The library building that houses the “world’s largest Shakespeare collection” has undergone few major structural changes over the years. Today, its great hall, adorned with Tudor-style oak paneling and a vaulted white ceiling, serves as a meeting, concession and exhibition space.
But with subdued lighting from outside meant to protect exhibition items in a concession space, the current building “doesn’t represent a lot of the way we experience museums now,” according to Folger’s head of external relations, Garland Scott.
That’s why the library will close on March 2, 2020 for two years for $38 million in extensive renovations that will include a 12,000-square-foot pavilion with two new exhibition halls beneath the existing structure.
The library’s theater will stage performances of Henry IV Part One, Amadeus and The Merry Wives of Windsor this season before closing.
Despite the renovations, “Folger is by no means slowing down,” Scott told Capital News Service.
She said Folger-sponsored concerts and talks would be held at St. Mark’s Episcopal Church in Capitol Hill during construction. The Folger’s scholar programs would “go on the road” and stop in Syracuse, New York, this spring, Scott added.
The library’s new entrances will feature sloping gardens with wheelchair ramps that direct patrons toward the building’s basement expansion. Inside, the underground space will host a new great hall devoted to Shakespeare as well as the Mimi Rose Rare Book Manuscript and Exhibition Hall, showcasing early modern texts.
Philadelphia architectural firm KiernanTimberlake – which designed the new U.S. Embassy in London – will be at the helm of the Folger’s renovations, Scott said.

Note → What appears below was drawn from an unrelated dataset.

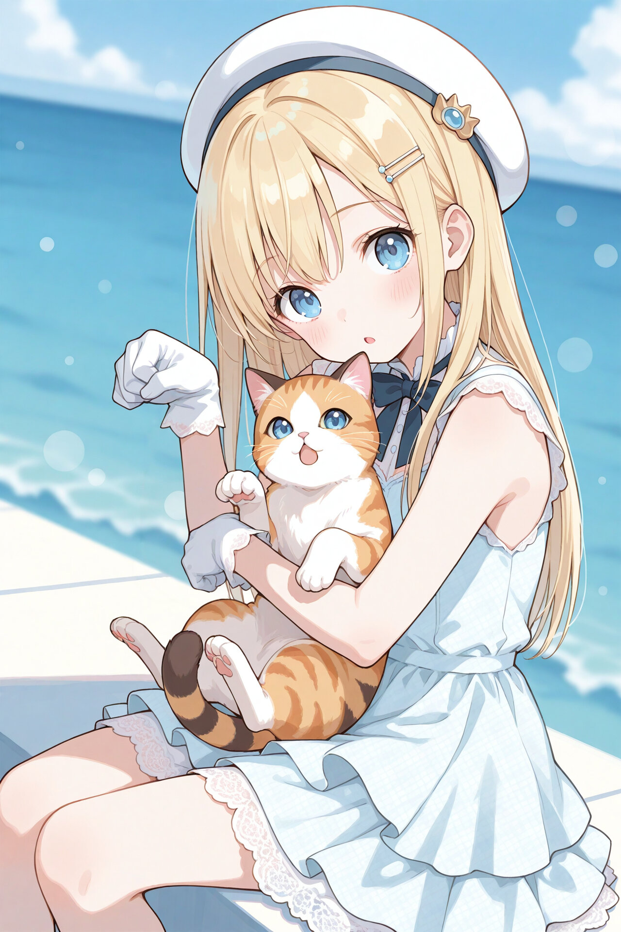 (flat color:0.1),(pale color:0.3), (tareme:0.33), cute 1girl, sitting, blue eyes, straight hair ,blond hair ,(hair between eyes:0.5), hairpin,kawaii, (pastel theme :0.5), (depth of field:1.1), (bokeh:0.8),:o, (head tilt:0.7),looking at viewer, BREAK (hugging a playful cat :1.33),paws up, correct anatomy, bowtie, beautiful , white gloves, hair ornament, (paw pose:1.2), outdoors, white hat, blurry background, sea, on deck ,refined dress, sleeveless_dress, unmoving pattern skirt, lace trim, (layered dress:1.1) , ( from side:0.2), ( dutch angle:0.1),(contrapposto:0.2),

The two new halls will add 6,000 square feet of gallery space and include digital interactive exhibits to engage today’s students. The library’s staff “want to make the Folger a place for 21st century people to experience Shakespeare and his world,” Scott said.

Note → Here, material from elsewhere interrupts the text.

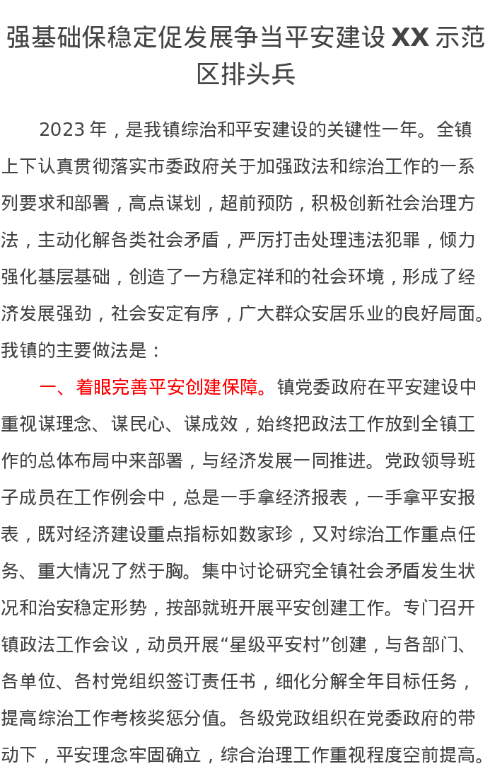 强基础保稳定促发展争当平安建设XX示范区排头兵汇报

The current structure was designed by French-American architect Paul Cret. It was dedicated April 23, 1932 – also believed to be the date of Shakespeare’s birthday. In 1969, the library was added to the National Register of Historic Places.
The building’s dedication capped decades of Henry and Emily Folger’s work to amass a vast collection of Shakespeare texts and artifacts. Henry became president of the Standard Oil Company of New York in 1911, which provided him with the resources to pursue collecting and eventually pursue a building to host his collection.
Scott said the Folgers stopped at Union Station during a train trip to Hot Springs, Virginia, and chose a site one block from the United States Capitol to build their library.
Despite having had heating, cooling and other infrastructure improvements over the years, the Cret building has had limited structural expansion and upkeep. The renovation will “benefit school groups,” Scott said, and with better WiFi and updated study rooms and meeting spaces, she expects the completions to be “very 21st century.”
Peter Eramo, the Folger’s events publicity and marketing manager, said the theater will continue productions while the main building undergoes renovations. While he said most productions will be in Washington, “one might be in Maryland.”
The Folger’s theatrical season began Sept. 3, with performances of Henry IV Part One, directed by Rosa Joshi.
Mainstay Washington actor Edward Gero delivered a standout performance as Falstaff on Sept. 7, delivering lines like, “And I prithee, sweet wag, when thou art king, as God save thy Grace—Majesty, I should say, for grace thou wilt have none—” with swift, verbal, one-two punches.
Journeyman actor Avery Whitted of Brooklyn, New York, likewise infused levity and intensity into his Hal, with rebukes including: “Unless hours were cups of sack.. and the blessed sun himself a fair hot wench in flame-colored taffeta, I see no reason why thou shouldst be so superfluous to demand the time of the day.”
Henry IV Part One will run through Oct. 13. Amadeus will follow Nov. 5 through Dec. 22, and The Merry Wives of Windsor Jan. 14 to March 1 before renovations begin.